Say we want to generate a set of s elements and that we have already seen n>s elements.
Let's assume that our current s elements have already each been chosen with probability s/n.
By the definition of the algorithm, we choose element n+1 with probability s/(n+1).
Each element already part of our result set has a probability 1/s of being replaced.
The probability that an element from the n-seen result set is replaced in the n+1-seen result set is therefore (1/s)*s/(n+1)=1/(n+1). Conversely, the probability that an element is not replaced is 1-1/(n+1)=n/(n+1).
Thus, the n+1-seen result set contains an element either if it was part of the n-seen result set and was not replaced---this probability is (s/n)*n/(n+1)=s/(n+1)---or if the element was chosen---with probability s/(n+1).
The definition of the algorithm tells us that the first s elements are automatically included as the first n=s members of the result set. Therefore, the n-seen result set includes each element with s/n (=1) probability giving us the necessary base case for the induction.
References
McLeod, A. Ian, and David R. Bellhouse. "A convenient algorithm for drawing a simple random sample." Journal of the Royal Statistical Society. Series C (Applied Statistics) 32.2 (1983): 182-184. (Link)
Vitter, Jeffrey S. "Random sampling with a reservoir." ACM Transactions on Mathematical Software (TOMS) 11.1 (1985): 37-57. (Link)
This is called a Reservoir Sampling problem. The simple solution is to assign a random number to each element of the list as you see it, then keep the top (or bottom) k elements as ordered by the random number.
I would suggest: First find your k random numbers. Sort them. Then traverse both the linked list and your random numbers once.
If you somehow don't know the length of your linked list (how?), then you could grab the first k into an array, then for node r, generate a random number in [0, r), and if that is less than k, replace the rth item of the array. (Not entirely convinced that doesn't bias...)

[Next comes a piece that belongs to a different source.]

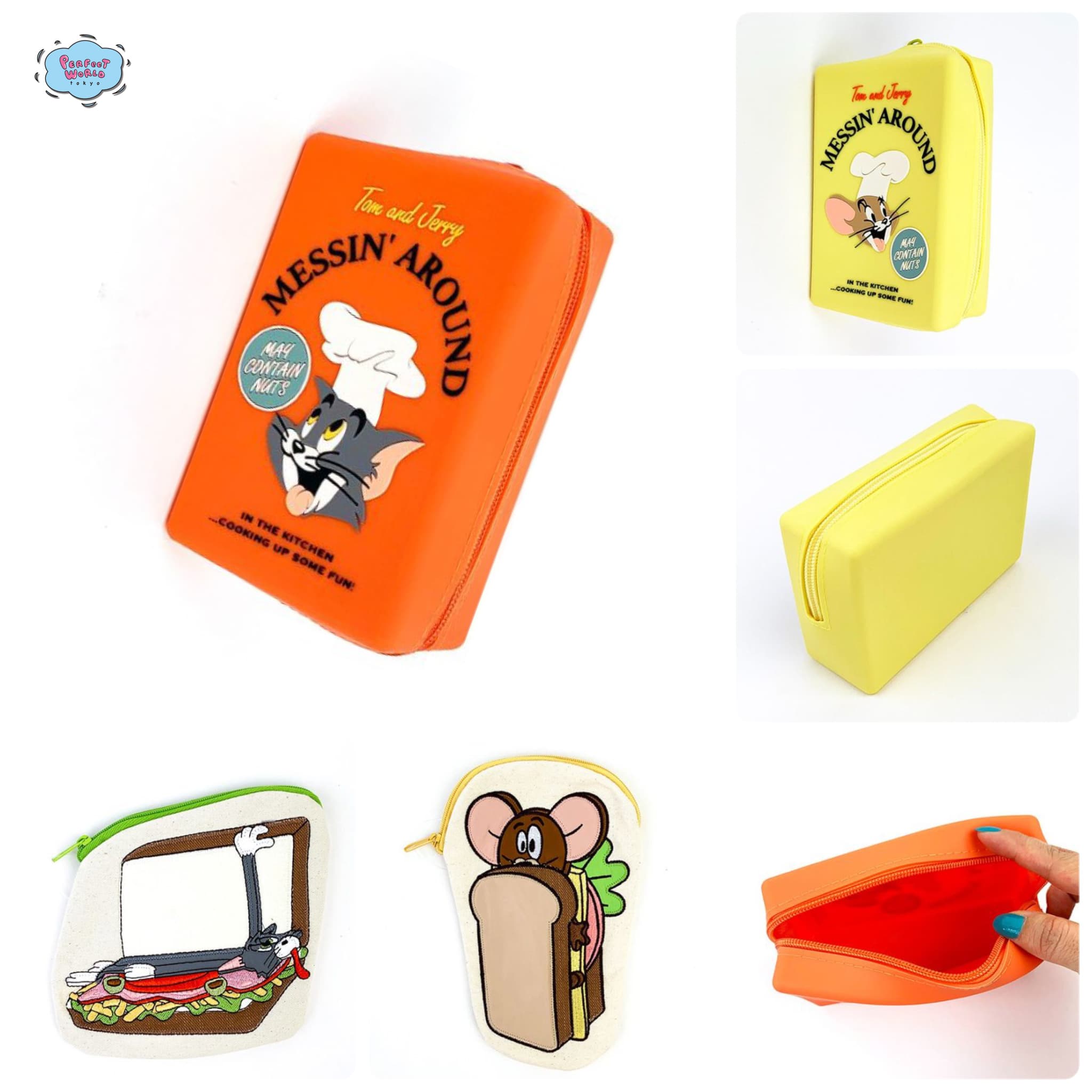 톰과 제리,톰,제리,파우치,실리콘,소품,플랫,오렌지,옐로우,퍼펙트월드 도쿄,신상품,굿즈,캐릭터 굿즈, 톰과제리 파우치,톰과 제리 굿즈,귀여운 파우치,파우치 추천

Other than that: "If I were you, I wouldn't be starting from here." Are you sure linked list is right for your problem? Is there not a better data structure, such as a good old flat array list.
If you don't know the length of the list, then you will have to traverse it complete to ensure random picks. The method I've used in this case is the one described by Tom Hawtin (54070). While traversing the list you keep k elements that form your random selection to that point. (Initially you just add the first k elements you encounter.) Then, with probability k/i, you replace a random element from your selection with the ith element of the list (i.e. the element you are at, at that moment).
It's easy to show that this gives a random selection. After seeing m elements (m > k), we have that each of the first m elements of the list are part of you random selection with a probability k/m. That this initially holds is trivial. Then for each element m+1, you put it in your selection (replacing a random element) with probability k/(m+1). You now need to show that all other elements also have probability k/(m+1) of being selected. We have that the probability is k/m * (k/(m+1)*(1-1/k) + (1-k/(m+1))) (i.e. probability that element was in the list times the probability that it is still there). With calculus you can straightforwardly show that this is equal to k/(m+1).
Well, you do need to know what N is at runtime at least, even if this involves doing an extra pass over the list to count them. The simplest algorithm to do this is to just pick a random number in N and remove that item, repeated k times. Or, if it is permissible to return repeat numbers, don't remove the item.
Unless you have a VERY large N, and very stringent performance requirements, this algorithm runs with O(N*k) complexity, which should be acceptable.
Edit: Nevermind, Tom Hawtin's method is way better. Select the random numbers first, then traverse the list once. Same theoretical complexity, I think, but much better expected runtime.
Why can't you just do something like
List GetKRandomFromList(List input, int k)
List ret = new List();
for(i=0;i<k;i++)
ret.Add(input[Math.Rand(0,input.Length)]);
return ret;
I'm sure that you don't mean something that simple so can you specify further?